Member of Parliament, Lok Sabha
- In office 16 January 1980 – 4 March 2000
- Preceded by: Abha Maiti
- Succeeded by: Bikram Sarkar
- Constituency: Panskura

Member of West Bengal Legislative Assembly
- In office 1967–1977
- Preceded by: Rajani Kanta Pramanik
- Succeeded by: Swadesh Ranjan Maji
- Constituency: Panskura Purba

Personal details
- Born: Geeta Roy Chowdhury 8 January 1924 Calcutta, Bengal Presidency, British India
- Died: 4 March 2000 (aged 76) New Delhi, India
- Party: Communist Party of India
- Spouse: Biswanath Mukherjee
- Children: Bhagabat Jana
- Relatives: Madhumita Jana (Grandchildren)
- Alma mater: University of Calcutta Ashutosh College (B.A.)
- Profession: Politician, social worker, writer

= Geeta Mukherjee =

Indian politician

Geeta Mukherjee (8 January 1924 – 4 March 2000) was an Indian politician and social worker and a four times MLA from Panskura Purba, from 1967 to 1977. As a Member of Parliament, she was elected seven times from the Panskura constituency, from 1980 to 2000, in the Indian state of West Bengal being a Communist Party of India (CPI) candidate. She also remained the president of National Federation of Indian Women, women's wing of Communist Party of India. She led the demand for the legislature of 1/3rd reservation for women in parliamentary elections in India.

==Early life and education==
She was born on 8 January 1924 in Calcutta, West Bengal. She was married to Biswanath Mukherjee on 8 November 1942.

Mukherjee completed Bachelor of Arts In Bengali Literature from Ashutosh College, Calcutta.
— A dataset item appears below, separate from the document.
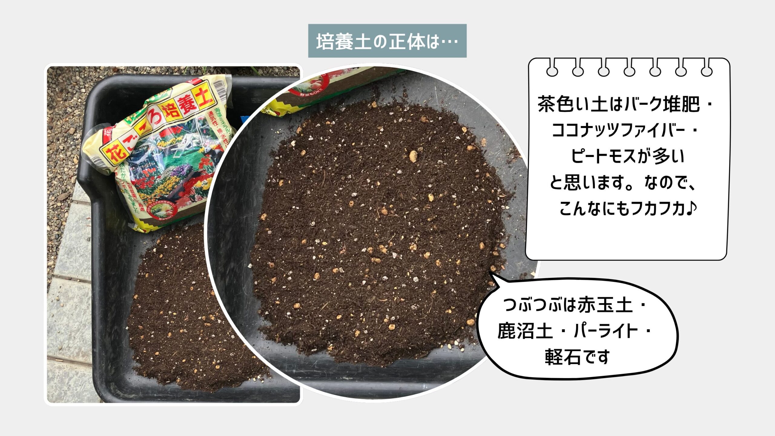 培養土とは、植物の生育に必要な環境を人工的に整えた“完成された土”のことです。市販の培養土には、あらかじめ緩効性肥料(時間をかけて少しずつ栄養を放出するタイプ)が配合されており、植えた直後から穏やかに生育を支えてくれます。

She remained secretary of Bengal Provincial Students Federation from 1947 to 1951.

==Career==
She was first elected as Member, State Council, Communist Party of India (C.P.I.), Bengal in 1946. Popularly known as Geetadi, Geeta Mukherjee since then won every Lok Sabha election from Panskura in West Bengal, and was in the forefront till her death in 2000.
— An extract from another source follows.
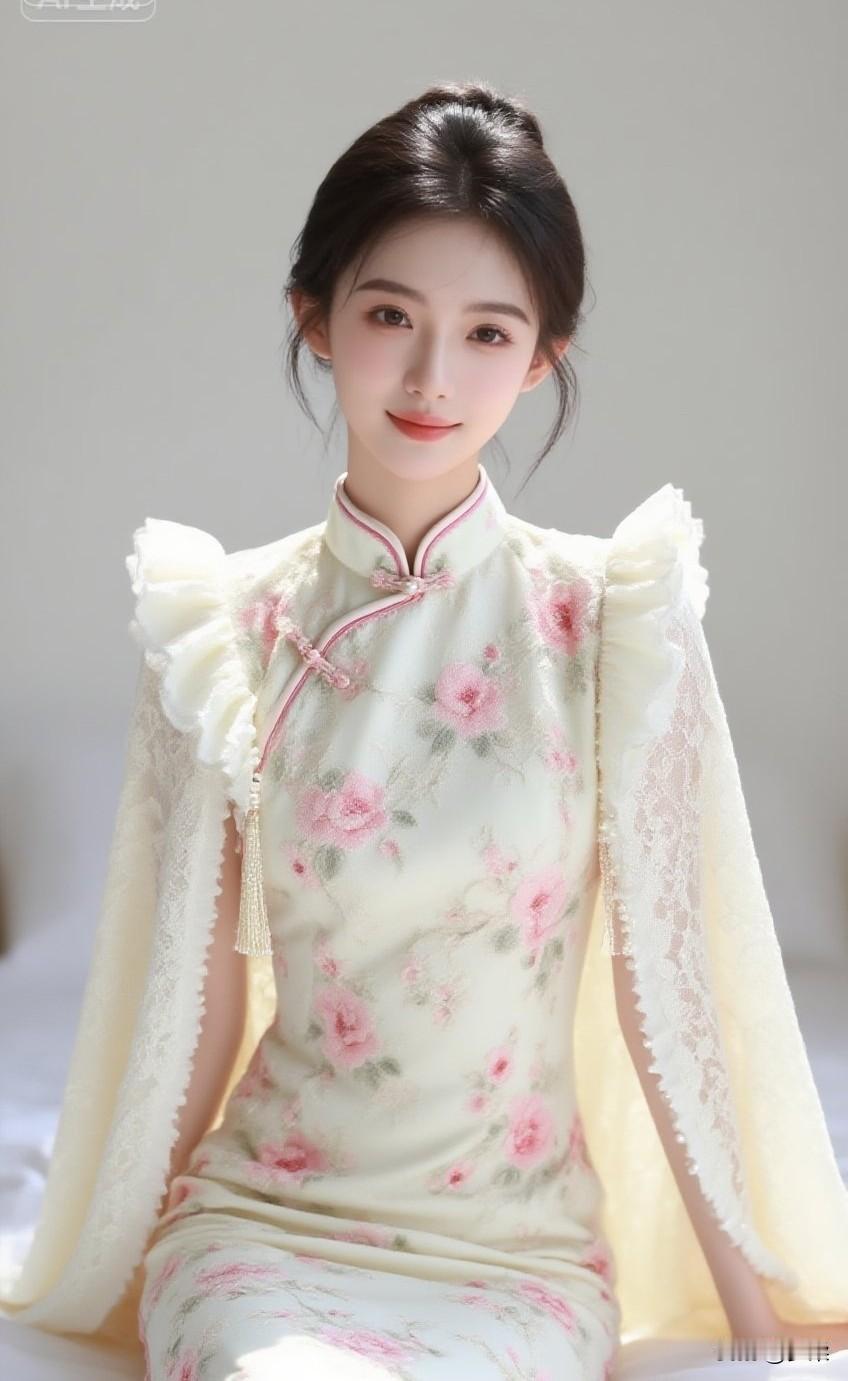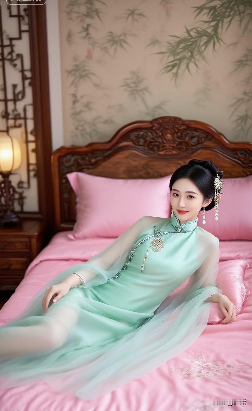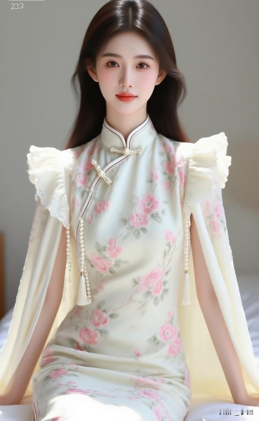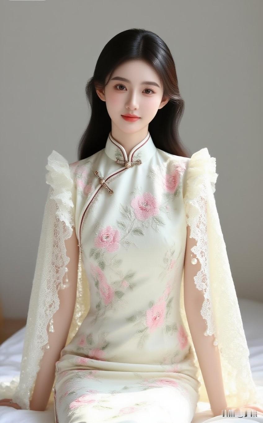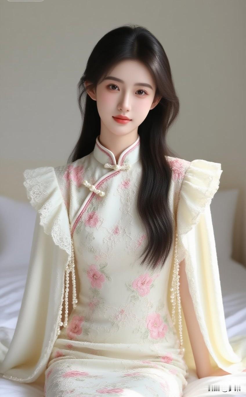 要让江南的风,先绕过粉墙黛瓦,再轻轻掀起这袭烟粉旗袍的裙摆。檐下光影碎在珍

She was elected to 7th Lok Sabha in 1980 and during 1980–84, she served as
- Member, Committee on Public Undertakings
- Member, Committee on the Welfare of Scheduled Castes and Scheduled Tribes
- Member, Joint Committee on Criminal Law (Amendment) Bill, 1980
Since 1981 onwards, she was the Member of National Executive Council, Communist Party of India.

She was elected to her 7th term during the 13th Lok Sabha in 1999. Her career spanned about five and half decades. However, it was her role in the women's reservation issue which brought her into the limelight. She was also a member of the National Commission on Rural Labour, National Commission on Women, National Children's Board, Press Council and vice-president of the National Federation of Women, besides being a secretariat member of the Women's International Democratic Federation, Berlin. She led a Joint Parliamentary Committee which had drafted the Women's Reservation Bill.
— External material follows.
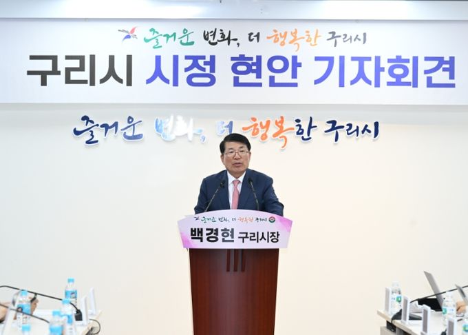 [ 중앙뉴스미디어 ] 백경현 구리시장은 지난 24일 시청 3층 상황실에서 기자회견을 열고, 시민들에게 추석 인사와 함께 시 승격 40년 기념 시민의 날 행사 및 구리 코스모스 축제를 소개하고, 최근 일부 언론보도에 대한 시의 공식 입장을 밝혔다.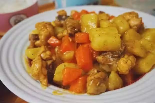 3、然後倒入土豆塊,翻炒幾下把融化的咖喱裹在土豆上;再加適量的水,大火燒開後,改小火燜煮,大概燒10分鐘這樣後,加少許鹽。

Besides her political career, she also wrote a few books for children, including Bharat Upakatha (Folktales of India), Chotoder Rabindranath (Tagore for Children)and He Atit Katha Kao; and translated Bruno Apitz's 1958 classic Naked Among Wolves to Bengali.

== Death ==
Mukherjee died on 4 March 2000, following a massive heart-attack. Atal Bihari Vajpayee, the then Prime Minister of India, told in his condolence message— "Mrs. Mukherjee embodied determination and dedication. She was a shining example of women's empowerment. Her life shall remain an inspiration for future generations, especially women."